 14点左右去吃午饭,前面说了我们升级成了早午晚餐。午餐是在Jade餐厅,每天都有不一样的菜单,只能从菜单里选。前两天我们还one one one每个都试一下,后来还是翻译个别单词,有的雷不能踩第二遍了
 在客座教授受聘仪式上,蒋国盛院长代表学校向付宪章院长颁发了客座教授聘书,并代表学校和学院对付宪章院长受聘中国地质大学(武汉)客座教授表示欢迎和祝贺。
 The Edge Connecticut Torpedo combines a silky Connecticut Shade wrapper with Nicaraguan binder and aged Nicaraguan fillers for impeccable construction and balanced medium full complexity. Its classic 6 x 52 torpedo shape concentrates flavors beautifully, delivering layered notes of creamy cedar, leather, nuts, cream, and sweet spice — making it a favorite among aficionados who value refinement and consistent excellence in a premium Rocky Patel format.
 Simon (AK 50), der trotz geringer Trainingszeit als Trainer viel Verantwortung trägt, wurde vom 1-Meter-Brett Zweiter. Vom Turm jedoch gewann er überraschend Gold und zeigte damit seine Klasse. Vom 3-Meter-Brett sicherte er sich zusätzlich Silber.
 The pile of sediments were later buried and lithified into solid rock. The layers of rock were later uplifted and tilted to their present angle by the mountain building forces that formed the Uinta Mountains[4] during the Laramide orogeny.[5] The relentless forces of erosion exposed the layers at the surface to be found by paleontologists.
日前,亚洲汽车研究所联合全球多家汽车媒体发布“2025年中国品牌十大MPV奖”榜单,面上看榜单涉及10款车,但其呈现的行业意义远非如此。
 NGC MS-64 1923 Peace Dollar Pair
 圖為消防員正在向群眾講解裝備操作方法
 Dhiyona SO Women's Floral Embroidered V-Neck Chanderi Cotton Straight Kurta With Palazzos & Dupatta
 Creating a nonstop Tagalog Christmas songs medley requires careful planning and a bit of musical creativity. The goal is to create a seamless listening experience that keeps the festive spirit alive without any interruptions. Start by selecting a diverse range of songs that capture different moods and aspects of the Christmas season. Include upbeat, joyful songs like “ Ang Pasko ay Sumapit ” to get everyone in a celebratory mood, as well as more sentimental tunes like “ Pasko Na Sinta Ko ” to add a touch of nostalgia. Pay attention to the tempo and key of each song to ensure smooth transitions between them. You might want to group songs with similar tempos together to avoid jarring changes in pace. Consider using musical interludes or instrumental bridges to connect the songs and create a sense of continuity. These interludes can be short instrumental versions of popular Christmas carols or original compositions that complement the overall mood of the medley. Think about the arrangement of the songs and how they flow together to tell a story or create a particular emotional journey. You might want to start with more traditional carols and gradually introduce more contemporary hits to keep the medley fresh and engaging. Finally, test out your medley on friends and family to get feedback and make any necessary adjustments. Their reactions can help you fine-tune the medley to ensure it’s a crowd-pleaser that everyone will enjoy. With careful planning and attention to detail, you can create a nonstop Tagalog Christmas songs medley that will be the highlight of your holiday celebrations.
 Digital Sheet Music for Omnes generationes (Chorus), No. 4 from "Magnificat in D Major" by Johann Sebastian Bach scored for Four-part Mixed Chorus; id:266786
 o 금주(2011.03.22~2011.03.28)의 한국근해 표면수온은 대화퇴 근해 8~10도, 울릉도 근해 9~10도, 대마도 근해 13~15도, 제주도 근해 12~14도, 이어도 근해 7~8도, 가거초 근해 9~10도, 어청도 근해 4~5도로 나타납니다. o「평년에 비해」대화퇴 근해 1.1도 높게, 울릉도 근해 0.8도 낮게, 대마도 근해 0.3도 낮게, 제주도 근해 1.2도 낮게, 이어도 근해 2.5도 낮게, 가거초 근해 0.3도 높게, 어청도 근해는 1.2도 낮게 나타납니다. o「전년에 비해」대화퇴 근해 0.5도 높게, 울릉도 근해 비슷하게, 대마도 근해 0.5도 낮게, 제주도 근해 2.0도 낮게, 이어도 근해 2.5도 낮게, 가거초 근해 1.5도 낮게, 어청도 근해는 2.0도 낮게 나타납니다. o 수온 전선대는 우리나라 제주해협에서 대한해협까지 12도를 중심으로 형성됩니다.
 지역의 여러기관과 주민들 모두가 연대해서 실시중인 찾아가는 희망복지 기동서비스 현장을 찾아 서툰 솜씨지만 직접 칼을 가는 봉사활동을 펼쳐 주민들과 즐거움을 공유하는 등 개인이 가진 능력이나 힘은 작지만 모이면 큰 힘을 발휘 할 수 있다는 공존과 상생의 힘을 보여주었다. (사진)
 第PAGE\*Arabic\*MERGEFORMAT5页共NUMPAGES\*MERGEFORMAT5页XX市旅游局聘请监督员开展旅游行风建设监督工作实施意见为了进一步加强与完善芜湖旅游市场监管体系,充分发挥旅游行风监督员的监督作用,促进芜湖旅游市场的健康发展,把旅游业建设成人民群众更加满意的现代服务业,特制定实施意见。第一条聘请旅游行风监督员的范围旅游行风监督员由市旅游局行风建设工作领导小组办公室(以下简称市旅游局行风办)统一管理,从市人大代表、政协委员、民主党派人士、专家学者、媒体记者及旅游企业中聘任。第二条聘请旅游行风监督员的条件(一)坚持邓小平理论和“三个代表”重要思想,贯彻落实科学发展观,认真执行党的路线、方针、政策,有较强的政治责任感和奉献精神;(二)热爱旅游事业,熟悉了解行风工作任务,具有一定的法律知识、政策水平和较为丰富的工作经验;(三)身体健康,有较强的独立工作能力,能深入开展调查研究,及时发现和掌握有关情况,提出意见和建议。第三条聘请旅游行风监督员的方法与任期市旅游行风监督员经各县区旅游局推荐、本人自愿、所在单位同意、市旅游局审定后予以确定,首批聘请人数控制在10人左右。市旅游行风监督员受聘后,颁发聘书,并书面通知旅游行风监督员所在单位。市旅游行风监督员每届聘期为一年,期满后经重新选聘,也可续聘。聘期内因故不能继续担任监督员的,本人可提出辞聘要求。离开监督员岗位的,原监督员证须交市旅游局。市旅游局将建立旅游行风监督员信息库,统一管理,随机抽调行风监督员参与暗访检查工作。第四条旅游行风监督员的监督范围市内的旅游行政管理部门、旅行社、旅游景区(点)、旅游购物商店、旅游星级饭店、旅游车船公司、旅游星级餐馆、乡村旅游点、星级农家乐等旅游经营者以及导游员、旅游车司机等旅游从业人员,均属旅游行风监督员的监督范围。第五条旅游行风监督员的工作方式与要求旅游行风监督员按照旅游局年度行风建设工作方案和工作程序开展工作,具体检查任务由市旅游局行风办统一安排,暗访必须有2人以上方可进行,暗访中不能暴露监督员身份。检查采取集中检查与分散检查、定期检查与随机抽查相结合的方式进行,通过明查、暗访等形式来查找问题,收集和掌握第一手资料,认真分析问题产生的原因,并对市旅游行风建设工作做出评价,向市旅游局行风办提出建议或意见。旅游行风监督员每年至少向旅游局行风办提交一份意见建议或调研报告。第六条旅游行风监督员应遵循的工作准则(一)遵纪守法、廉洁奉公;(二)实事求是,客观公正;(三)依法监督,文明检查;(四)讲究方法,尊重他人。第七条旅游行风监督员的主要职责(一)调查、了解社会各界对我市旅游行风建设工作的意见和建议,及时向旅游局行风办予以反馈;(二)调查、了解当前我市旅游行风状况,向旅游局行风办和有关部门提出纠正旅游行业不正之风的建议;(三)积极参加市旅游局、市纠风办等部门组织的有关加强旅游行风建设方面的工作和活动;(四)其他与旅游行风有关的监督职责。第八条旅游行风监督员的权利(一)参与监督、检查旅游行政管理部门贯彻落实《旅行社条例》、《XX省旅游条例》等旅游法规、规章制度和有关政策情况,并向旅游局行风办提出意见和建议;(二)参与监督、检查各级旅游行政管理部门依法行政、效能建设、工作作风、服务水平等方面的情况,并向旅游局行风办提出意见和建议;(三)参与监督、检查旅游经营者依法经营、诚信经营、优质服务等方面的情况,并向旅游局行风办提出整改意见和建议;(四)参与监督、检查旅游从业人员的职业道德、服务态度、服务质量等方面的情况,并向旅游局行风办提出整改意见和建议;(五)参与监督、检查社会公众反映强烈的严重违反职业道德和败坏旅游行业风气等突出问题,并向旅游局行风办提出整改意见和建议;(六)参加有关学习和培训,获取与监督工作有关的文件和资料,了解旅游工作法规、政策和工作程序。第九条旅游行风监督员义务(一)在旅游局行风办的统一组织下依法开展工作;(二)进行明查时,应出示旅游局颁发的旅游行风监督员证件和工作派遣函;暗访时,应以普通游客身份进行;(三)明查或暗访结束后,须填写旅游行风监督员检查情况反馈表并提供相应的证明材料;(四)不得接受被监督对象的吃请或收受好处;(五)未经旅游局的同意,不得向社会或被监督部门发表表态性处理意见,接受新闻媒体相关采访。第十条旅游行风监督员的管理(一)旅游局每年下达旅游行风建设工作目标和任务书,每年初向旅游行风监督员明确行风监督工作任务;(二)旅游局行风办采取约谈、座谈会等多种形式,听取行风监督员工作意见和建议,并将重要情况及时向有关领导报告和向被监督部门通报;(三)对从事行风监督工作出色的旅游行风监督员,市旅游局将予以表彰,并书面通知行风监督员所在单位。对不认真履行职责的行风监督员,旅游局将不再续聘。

===============

Give back exactly the lines above, from the line containing "Simon (AK 50), der" through the line containing "Dhiyona SO Women's", with both end lines and nothing more.

 Simon (AK 50), der trotz geringer Trainingszeit als Trainer viel Verantwortung trägt, wurde vom 1-Meter-Brett Zweiter. Vom Turm jedoch gewann er überraschend Gold und zeigte damit seine Klasse. Vom 3-Meter-Brett sicherte er sich zusätzlich Silber.
 The pile of sediments were later buried and lithified into solid rock. The layers of rock were later uplifted and tilted to their present angle by the mountain building forces that formed the Uinta Mountains[4] during the Laramide orogeny.[5] The relentless forces of erosion exposed the layers at the surface to be found by paleontologists.
日前,亚洲汽车研究所联合全球多家汽车媒体发布“2025年中国品牌十大MPV奖”榜单,面上看榜单涉及10款车,但其呈现的行业意义远非如此。
 NGC MS-64 1923 Peace Dollar Pair
 圖為消防員正在向群眾講解裝備操作方法
 Dhiyona SO Women's Floral Embroidered V-Neck Chanderi Cotton Straight Kurta With Palazzos & Dupatta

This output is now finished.